Review Article

B-Spline-Based Sieve Estimation in Survival Analysis

ABSTRACT

This manuscript reviews important work about the B-spline-based sieve maximum likelihood estimation in survival analysis including studies for nonparametric and semiparametric problems. It also discusses some advantages of spline-based sieve estimation over purely non- parametric or semiparametric estimation including its computing cost and estimation accuracy.

KEYWORDS

The B-Spline functions; Sieve estimation; Survival analysis

Introduction

Spline functions are piecewise polynomial functions and used to approximate smooth functions in numerical analysis. The B-spline functions are one type of the most popular spline functions in statistical computing and available in multiple statistical packages. Here a B-spline function is a linear combination of a set of B-spline basis functions. A set of B-spline basis functions are defined by Schumaker [1]. Sieve estimation [2] means the maximum likelihood estimation in a subspace of whole objective function space where the subspace converges to the whole space as sample size increases. Hence, intuitively sieve estimation converges to the true target function as sample size increases as well. In this manuscript we review the sieve estimation in the B-spline function space in survival analysis models. The B-spline-based sieve estimation requires that the true target function is a smooth function, which is a reasonable assumption for many real applications. The B-spline-based sieve estimation is usually more efficient than its purely nonparametric or semiparametric counterpart when the smooth assumption is valid. First we discuss the B-spline-based sieve estimation approach in nonparametric problems. Then we discuss the B-spline-based semiparametric sieve estimation approach. In section 4, we discuss some of the advantages of the B-spline-based sieve estimation approach over the conventional approach; we also discuss the applicability of this approach for future studies.

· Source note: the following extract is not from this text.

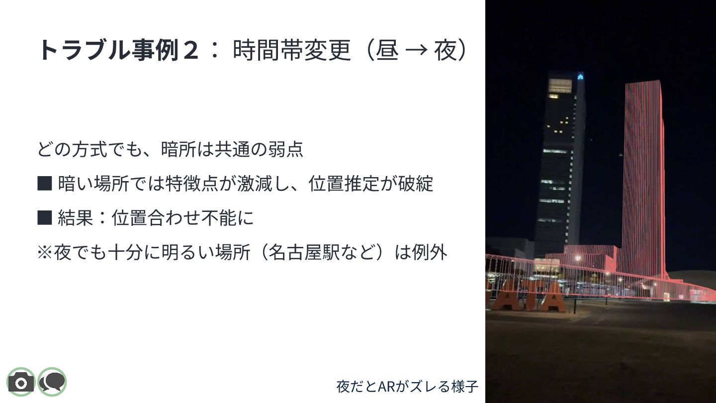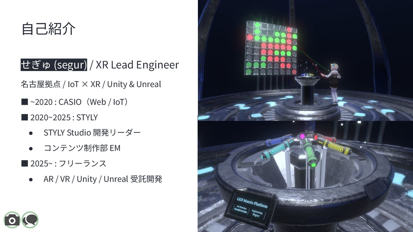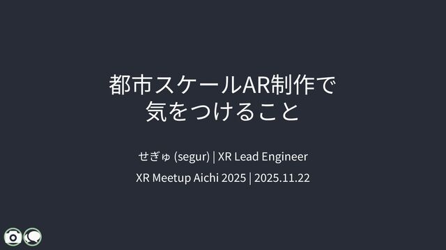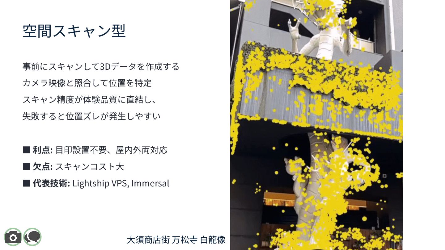 XR Meetup Aichi 2025(名古屋 / 2025.11.22)で登壇した際のスライドです。 都市スケールARにおける位置合わせ技術を、 「マーカー型 / 空間スキャン型 / 地理空間型」の3分類で整理しています。

B-spline-based nonparametric sieve estimation

Lu et al. [3] proposed likelihood-based sieve estimation for the mean function of the counting processes with panel count data. They actually adopted the monotone I-spline function to approximate the smooth monotone mean function of the counting process. Wu and Zhang [4] found that each I-spline basis function is a partial sum of a set of B-spline basis functions. The adoption of the I-spline function instead of the B-spline function could simplify the constraints to guarantee monotonicity [4]. The idea of estimating monotone mean function directly rather than its derivative as proposed by Cheng and Wang [5] would require monotone constraints but remove the extra integration step. They proved that the sieve estimators has faster convergence rate than their purely nonparametric alternatives proposed by Wellner and Zhang [6]. Simulation studies showed that their estimators have smaller variances and mean squared errors as well. Wu and Zhang [4] proposed tensor-spline-based sieve estimation for the joint cumulative distribution function (CDF) with bivariate current status data. In this project, we adopted the tensor spline function to approximate the bivariate CDF. The tensor spline function is a linear combination of the tensor spline basis function [7]. As in Lu et al. [3], we used the tensor I-spline function for computing to simplify the partially monotone constraints. However, due to the well developed theoretical results for the B-spline function in numerical analysis, we used the tensor B-spline function for theoretical development. We proved that the tensor spline estimator for joint CDF convergent and our convergence rate is better than n^{1/3}, the conjecture of the convergence rate for the alternative purely nonparametric approach proposed by [8]. Our simulation studies showed that our estimator has smaller bias and mean square error than its counterpart.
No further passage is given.